The orange-crested flycatcher was originally described by ornithologists Władysław Taczanowski and Hans von Berlepsch in 1885 as Myiobius phoenicomitra with the type locality being Tungurahua Province in Ecuador. It was
later moved from the genus Myiobius to Myiophobus.

The orange-crested flycatcher has two subspecies, the nominate M. p. phoenicomitra (Taczanowski & Berlepsch, 1885) and M. p. litae (Hartert, 1900).

==Description==

The orange-crested flycatcher is 11.5 to 12 cm long and weighs about 11 g.
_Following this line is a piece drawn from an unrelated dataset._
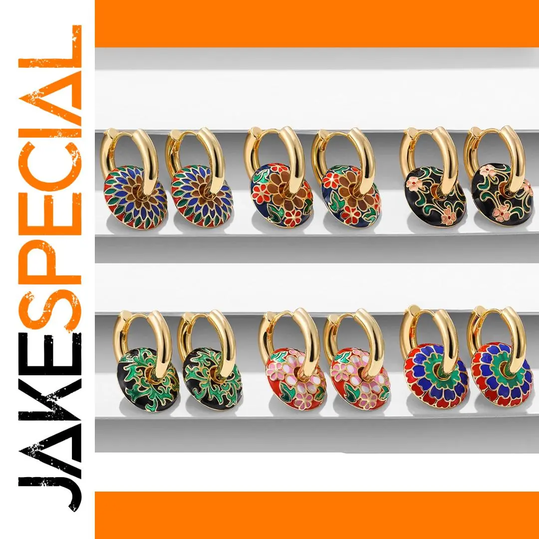 - Design features chunky, round hoops with lively floral painted enamel charms, accented with energetic oil drip texture to catch enviable attention.
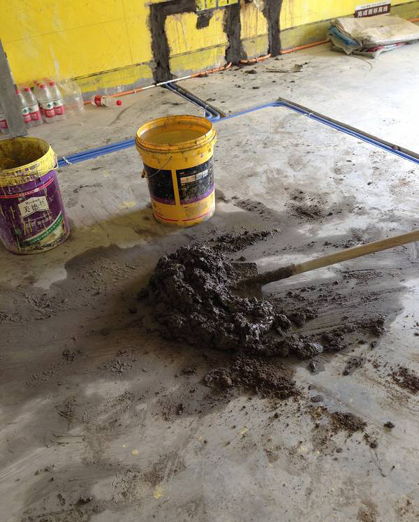 本来圣都是有个专门拌水泥的盒子,张师傅好像用了,我当时是看见用过的痕迹。不过这次吴师傅没有用,直接在地面上拌的。

The sexes have almost identical plumage. Adult males of the nominate subspecies have an olive crown with a mostly hidden orange-rufous (rarely orange-red or golden yellow) patch in the middle. Females do not have this patch. Both sexes sometimes have a faint yellowish broken eye-ring on an otherwise olive face. Their back and rump are olive. Their wings are blackish with cinnamon edges on the flight feathers and ochraceous tips of the wing coverts; the latter show as two or three wing bars. Their tail is dusky with buffy olive edges to the feathers. Their throat and underparts are yellow that is brightest on their belly; the breast has faint olive streaks. Subspecies M. p. litae is smaller than the nominate with wider and richer ochre wing bars and a brighter yellow belly. Juveniles are similar to adult females but with browner upperparts and cinnamon wing bars. Both subspecies have a dark iris, a fairly broad bill with a black maxilla and a pinkish mandible, and black or dark gray legs and feet. The closely related flavescent flycatcher (M. flavicans) is very similar but has lighter upperparts, wider edging on the flight feathers, usually a black bill, a readily visible yellow eye-ring and line above the lores, and warmer yellow underparts.

==Distribution and habitat==

The orange-crested flycatcher has a disjunct distribution. The nominate subspecies is found on the eastern slope of the Andes from western Putumayo Department in southern Colombia intermittently south through eastern Ecuador and separately in northwestern San Martín department in northeastern Peru. Subspecies M. p. litae is found on the western slope of the Andes from central Antioquia Department in Colombia south into northwestern Ecuador to Pichincha Province; there are also records in southern Ecuador's El Oro Province. The species inhabits the interior and edges of humid forest in the foothills and subtropical zones. In elevation it occurs below 1550 m in Colombia, between 600 and 1550 m in Ecuador, and between 1100 and 1400 m in Peru. Though there is much range overlap with the flavescent flycatcher, that species is generally found at higher elevations.

==Behavior==
===Movement===

The orange-crested flycatcher is a year-round resident.

===Feeding===

The orange-crested flycatcher feeds on arthropods. It typically forages alone or in pairs, usually in the forest's understory. It seldom joins mixed-species feeding flocks. When perched it has an erect posture. It takes prey in mid-air and from foliage, twigs, and the ground with short flights from a perch.

===Breeding===

The orange-crested flycatcher apparently breeds at least between March and June in western Colombia, but nothing else is known about the species' breeding biology.

===Vocalization===

As of early 2025 all but one of the recordings of orange-crested flycatcher in xeno-canto were taken in Ecuador; the one came from Colombia. The song in Ecuador is "a weak, thin, high-pitched 'tsut-tseép-tsu' ".

==Status==

The IUCN has assessed the orange-crested flycatcher as being of Least Concern. It has a restricted range; its population size is not known and is believed to be decreasing. No immediate threats have been identified. It is considered uncommon in Colombia, local but possibly overlooked in Ecuador, and very local in Peru. It occurs in Ecuador's Podocarpus and Sangay National Parks.